## INFORMATION GIVEN:

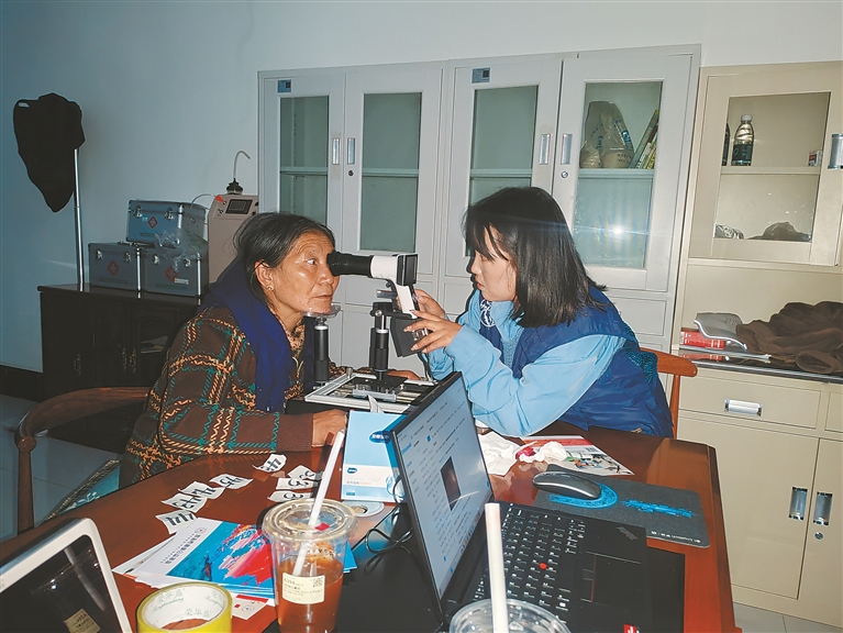 圖為西藏星光社會(huì)工作服務(wù)中心工作人員在堆龍德慶區(qū)東嘎街道祥和苑社區(qū)運(yùn)用AI篩查設(shè)備,為轄區(qū)搬遷群眾開展眼病篩查。記者 格桑倫珠 攝
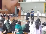 今日のlong昼休みは「学校夢づくりプロジェクト」の第3弾。滋賀県スポーツ協会から、体操競技の山田元大選手と小野奈美選手に来ていただきました。厳しいトレーニングを積み重ねてこられた両選手は、今回の国スポにおいても滋賀代表として出場し、滋賀県の天皇杯・皇后杯優勝に貢献されています。子どもたちの前では、8段の跳び箱をいろいろな跳び方で跳んでもらったり、マット上で何度も回転する技を披露してもらったりしました。その難度の高い技に感動し、子どもたちから大きな拍手が沸き起こっていました。これからも、両選手の活躍を志賀っ子一同、応援していきます。
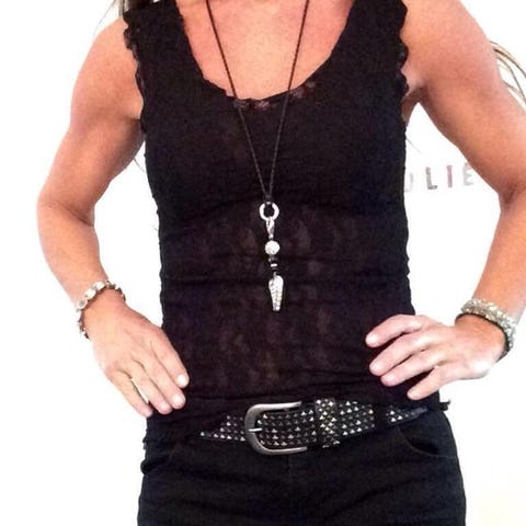 Toppen har brede skulderstropper samt en fin bølget kant i halsrundingen i armrundingen samt i bunden af toppen. Den har det fineste blomstermønster i hvid blød blonde ned små blomster Toppen er lettere stretchy / elastisk, og er designet i 2 lag, så den “kun” syner halvtransparent.
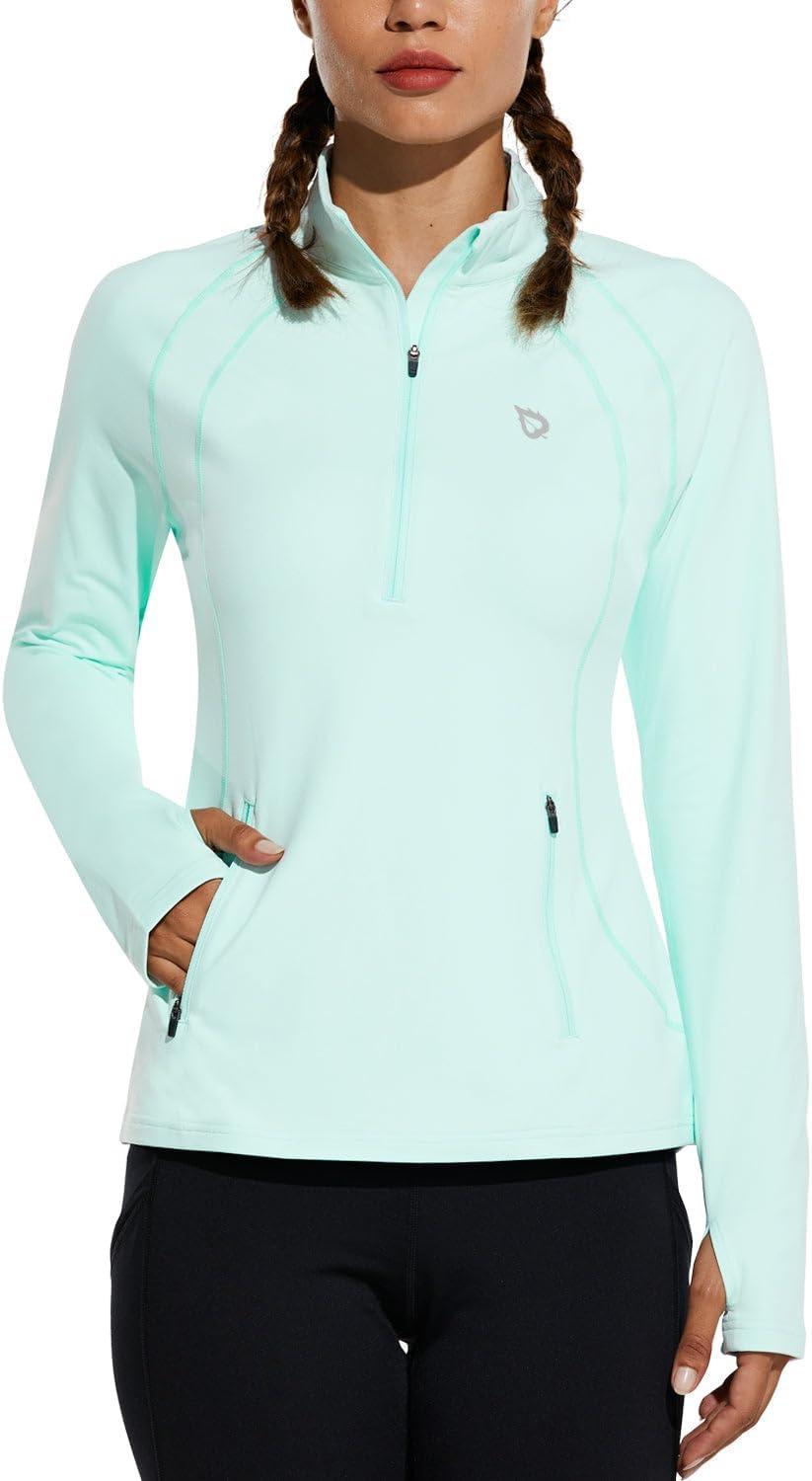 baleaf Women’s Fleece Running Jacket Half-Zip Cold Weather Gear Thermal Shirts Tops Athletic Pullover Workout Winter(Blue)
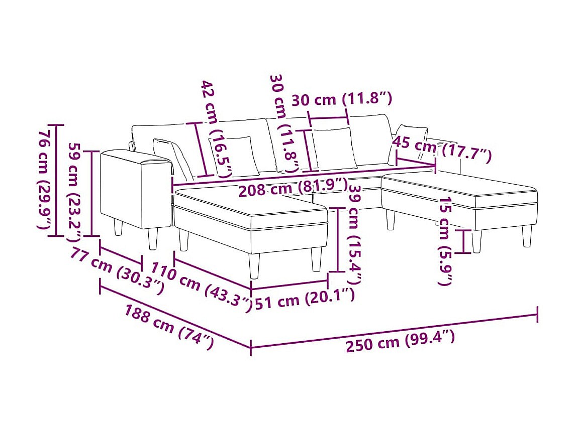 Canapé en velours avec coussin 3 pcs Noir 208 cm Velours
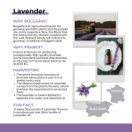 This graphic features images and text about the sourcing and harvesting of Lavender Essential Oil.
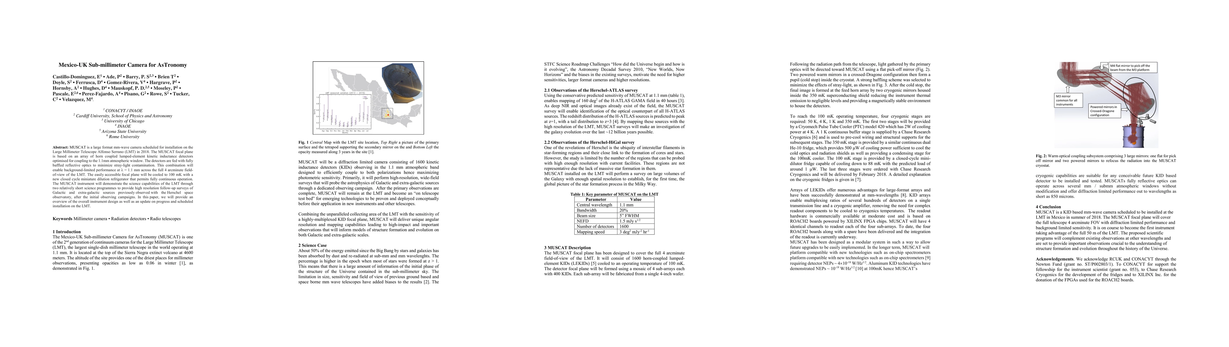 The MUSCAT mm-wave camera, designed for the Large Millimeter Telescope, features an array of kinetic inductance detectors optimized for the 1.1mm atmospheric window, with a new dilution refrigerator for cooling. The instrument aims to demonstrate the telescope's capabilities through high-resolution follow-up surveys of sources observed by the Herschel space observatory.

## HOW TO COMPLETE THIS TASK:
All lines from the one holding "Canapé en velours" to the end of the listing above need to be duplicated exactly. None of the pictures should be included.

## RESPONSE TO THIS TASK:
 Canapé en velours avec coussin 3 pcs Noir 208 cm Velours
 This graphic features images and text about the sourcing and harvesting of Lavender Essential Oil.
 The MUSCAT mm-wave camera, designed for the Large Millimeter Telescope, features an array of kinetic inductance detectors optimized for the 1.1mm atmospheric window, with a new dilution refrigerator for cooling. The instrument aims to demonstrate the telescope's capabilities through high-resolution follow-up surveys of sources observed by the Herschel space observatory.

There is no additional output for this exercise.